Data entries

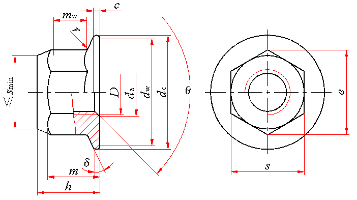 标记示例: 螺纹规格D=M12×1.5、细牙螺纹、性能等级为8级、表面氧化、产品等级为A级的全金属六角法兰面锁紧螺母的标记: 螺母 GB/T 6187.2 M12×1.5 | |||||||||||||
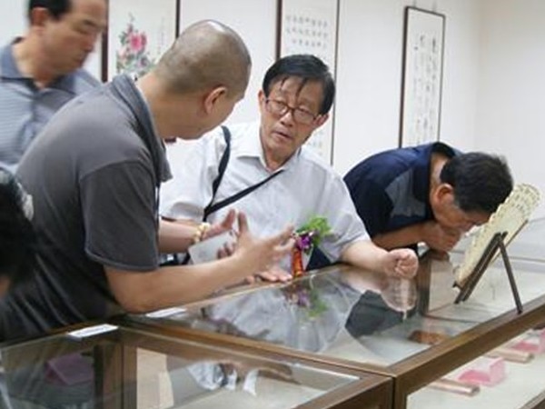 ![]() 本次展览是留青竹刻走出常州本土的首次专场展览,主要展出了徐氏三代人的竹刻、字画、红木浅刻等精品佳作百余件,在业内取得了较好反响。展出作品包括徐氏第一代创始人 展览开幕当天,徐秉言现场演示并奉上《大师的故事——忆素 徐秉言,1942年8月出生,1993年3月加入民盟,高级工艺美术师,中国竹工艺大师,中国工艺美术家协会会员,常州市工艺美术家协会副主席。自幼随父徐素白(中国著名竹刻大师)学刻并师从国画大
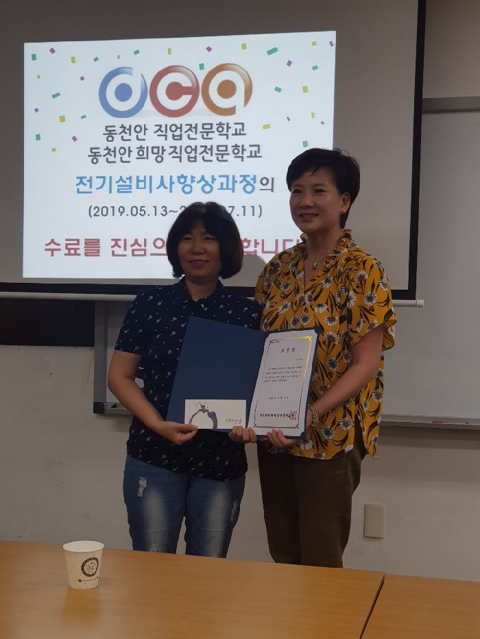 동천안희망직업전문학교는 2019년 7월 11일(목) 근로자 전기설비사 향상과정(2019.05.13 ~ 2019.07.11 105시간)
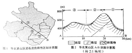 (2)判断图中1、2、3所示区域,哪一个是泥石流高危区,并说明理由。(6分)
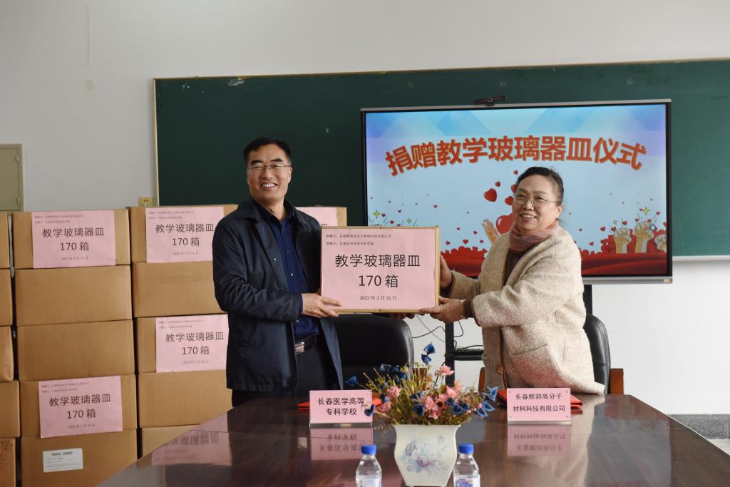 3月22日,我校退休教师、长春辉邦高分子材料科技有限公司公司代理董事长王瑛向药品食品学院捐赠教学器皿仪式在药学楼六楼会议室举行。学校校长袁兆新,药品食品学院教学副院长王月珍及学院全体教师出席捐赠仪式。药品食品学院院长于景龙主持仪式。

- _Description of the task_
Retype the line containing "동천안희망직업전문학교는 2019년 7월" and each line after it through the last line of the entries above, exactly, with no pictures and nothing else.

- _Solution to this problem_
 동천안희망직업전문학교는 2019년 7월 11일(목) 근로자 전기설비사 향상과정(2019.05.13 ~ 2019.07.11 105시간)
 (2)判断图中1、2、3所示区域,哪一个是泥石流高危区,并说明理由。(6分)
 3月22日,我校退休教师、长春辉邦高分子材料科技有限公司公司代理董事长王瑛向药品食品学院捐赠教学器皿仪式在药学楼六楼会议室举行。学校校长袁兆新,药品食品学院教学副院长王月珍及学院全体教师出席捐赠仪式。药品食品学院院长于景龙主持仪式。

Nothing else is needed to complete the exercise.